Yang’s account conflicts with that of Microsoft’s advisors and executives. They have said that they received no counteroffer from Yahoo for three months, after Microsoft’s deadline to consummate the deal had expired. They also said that Yang and his board offered various prices of 37 U.S. dollars a share or above and ultimately refused to budge on those numbers.

Microsoft had raised its initial bid to 33 U.S. dollars a share when Yang and his co-founder, David Filo, met with Ballmer and other Microsoft executives at the Seattle airport on Saturday. The Yahoo founders said their board had authorized an acquisition at 37 U.S. dollars a share.

After that meeting, Ballmer made public a letter to Yang withdrawing the offer and expressing disappointment that Yahoo did not move toward accepting it.

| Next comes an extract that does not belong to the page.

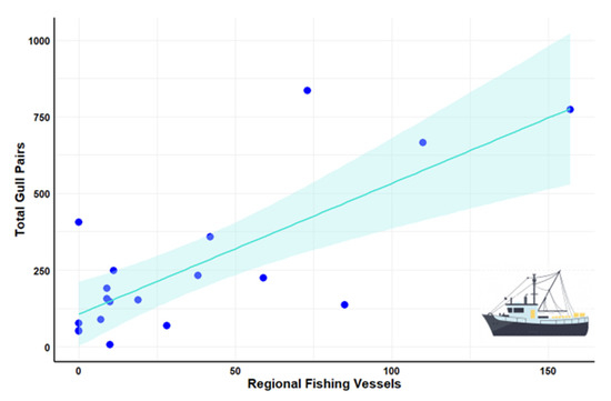 Because of the feeding ecology of Yellow-legged Gulls, it is important to examine not only colony-specific factors but also regional variables impacting multiple colonies at once. At the regional scale, the most significant factor impacting aggregate gull population size was the number of registered fishing vessels in that region (Figure 4). The presence of fishing vessels acts as an abundant, predictable high-quality food source for gulls by providing bycatch and offal [62,65]. We found no evidence that the total islet area in a region is related to the number of breeding pairs. This result suggests that PAFS such as fishery discards may have a larger effect on colony size than habitat availability. Due to our low sample size of regions, we cannot definitively quantify this relationship and encourage future study.

In the interview Monday, Yang and Roy Bostock, Yahoo’s chairman, said they were negotiating in good faith and that throughout the process they were open and receptive to a merger with Microsoft. Yang also said he spent personal time alone with Ballmer but that they were ultimately unable to bridge their differences.

Yang also looked ahead to the daunting task of guiding Yahoo’s growth as an independent company.

“I feel like we now have the task to continue to build shareholder value,” he said. “This is just creating another set of challenges we have to overcome as a company. We have to show the world the opportunity that we have been talking about for the last three months.”

Yang, who took control of the company he co-founded last June after the departure of the prior chief, Terry Semel, is now under enormous pressure to raise Yahoo’s stock price. In reaction to the deal falling through, Yahoo’s stock fell almost 15 percent on Monday to 24.47 U.S. dollars.

Yang argued that the Microsoft’s bid had opened up new doors for Yahoo. “We feel Microsoft approaching us has created an opportunity for us talk to just about anybody and everybody in the industry,” he said. He said the company would do new deals “in a way that ensures that it’s the right thing to do for Yahoo, and not because of some time pressure.”

“Anything we might do with Google would allow us to maintain the ability to compete in what is important to us,” Yang said.

Yang declined to say whether such a deal with Google was imminent.

Yahoo might also consider possible tie-ups with AOL, a division of Time Warner, and MySpace, a division of News Corp., though shareholders and analysts seem unenthusiastic about those options. Yang would not address speculation about those deals.

He did want to address what he said was a misconception: that Yahoo executives celebrated the news of Microsoft’s withdrawal and viewed it as a victory. “I was not witness to any celebration and we do not consider it a victory. I would have been personally very happy to do a deal with Microsoft,” he said.

At least, Yang has impressed some in the industry with his gumption in rejecting the most highly capitalized technology company on the planet.